With both ends included, repeat exactly the lines of the entries below from the one containing "Historia del Teatro" down to the one containing "Teil II: Dreizehn", and no others.

Recorded data:
:::::

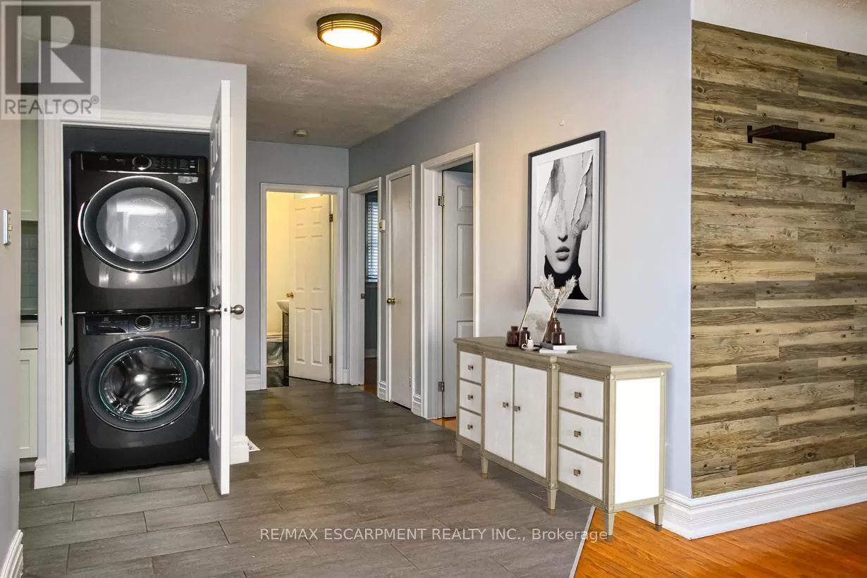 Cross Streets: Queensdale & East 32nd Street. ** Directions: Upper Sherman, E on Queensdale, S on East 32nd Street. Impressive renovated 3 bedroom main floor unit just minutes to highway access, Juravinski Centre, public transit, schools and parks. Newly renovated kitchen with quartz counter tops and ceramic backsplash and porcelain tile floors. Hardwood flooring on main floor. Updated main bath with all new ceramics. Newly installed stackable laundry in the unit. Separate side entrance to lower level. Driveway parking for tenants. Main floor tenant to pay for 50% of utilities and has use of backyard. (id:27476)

:::::

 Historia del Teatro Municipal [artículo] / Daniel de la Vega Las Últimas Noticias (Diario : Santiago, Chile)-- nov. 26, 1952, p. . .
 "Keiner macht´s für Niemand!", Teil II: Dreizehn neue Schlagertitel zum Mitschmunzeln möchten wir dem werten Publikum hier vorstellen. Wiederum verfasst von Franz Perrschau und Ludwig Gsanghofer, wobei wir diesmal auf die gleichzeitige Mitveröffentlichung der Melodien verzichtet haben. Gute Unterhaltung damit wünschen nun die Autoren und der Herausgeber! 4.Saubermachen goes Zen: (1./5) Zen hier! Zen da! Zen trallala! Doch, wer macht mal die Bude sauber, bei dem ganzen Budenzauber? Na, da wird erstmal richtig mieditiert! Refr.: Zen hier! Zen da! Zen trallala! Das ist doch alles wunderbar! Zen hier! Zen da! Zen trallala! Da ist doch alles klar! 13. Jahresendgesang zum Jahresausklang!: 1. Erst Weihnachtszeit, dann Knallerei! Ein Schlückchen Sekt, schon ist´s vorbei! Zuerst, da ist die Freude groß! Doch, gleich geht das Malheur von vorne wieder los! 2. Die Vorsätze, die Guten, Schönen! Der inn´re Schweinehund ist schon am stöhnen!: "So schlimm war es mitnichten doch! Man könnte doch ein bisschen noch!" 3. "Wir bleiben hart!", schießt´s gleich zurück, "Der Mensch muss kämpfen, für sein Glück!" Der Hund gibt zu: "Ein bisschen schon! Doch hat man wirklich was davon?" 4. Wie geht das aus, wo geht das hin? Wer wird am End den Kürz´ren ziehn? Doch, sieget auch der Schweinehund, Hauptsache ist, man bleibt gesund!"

:::::

Answer for the task:
 Historia del Teatro Municipal [artículo] / Daniel de la Vega Las Últimas Noticias (Diario : Santiago, Chile)-- nov. 26, 1952, p. . .
 "Keiner macht´s für Niemand!", Teil II: Dreizehn neue Schlagertitel zum Mitschmunzeln möchten wir dem werten Publikum hier vorstellen. Wiederum verfasst von Franz Perrschau und Ludwig Gsanghofer, wobei wir diesmal auf die gleichzeitige Mitveröffentlichung der Melodien verzichtet haben. Gute Unterhaltung damit wünschen nun die Autoren und der Herausgeber! 4.Saubermachen goes Zen: (1./5) Zen hier! Zen da! Zen trallala! Doch, wer macht mal die Bude sauber, bei dem ganzen Budenzauber? Na, da wird erstmal richtig mieditiert! Refr.: Zen hier! Zen da! Zen trallala! Das ist doch alles wunderbar! Zen hier! Zen da! Zen trallala! Da ist doch alles klar! 13. Jahresendgesang zum Jahresausklang!: 1. Erst Weihnachtszeit, dann Knallerei! Ein Schlückchen Sekt, schon ist´s vorbei! Zuerst, da ist die Freude groß! Doch, gleich geht das Malheur von vorne wieder los! 2. Die Vorsätze, die Guten, Schönen! Der inn´re Schweinehund ist schon am stöhnen!: "So schlimm war es mitnichten doch! Man könnte doch ein bisschen noch!" 3. "Wir bleiben hart!", schießt´s gleich zurück, "Der Mensch muss kämpfen, für sein Glück!" Der Hund gibt zu: "Ein bisschen schon! Doch hat man wirklich was davon?" 4. Wie geht das aus, wo geht das hin? Wer wird am End den Kürz´ren ziehn? Doch, sieget auch der Schweinehund, Hauptsache ist, man bleibt gesund!"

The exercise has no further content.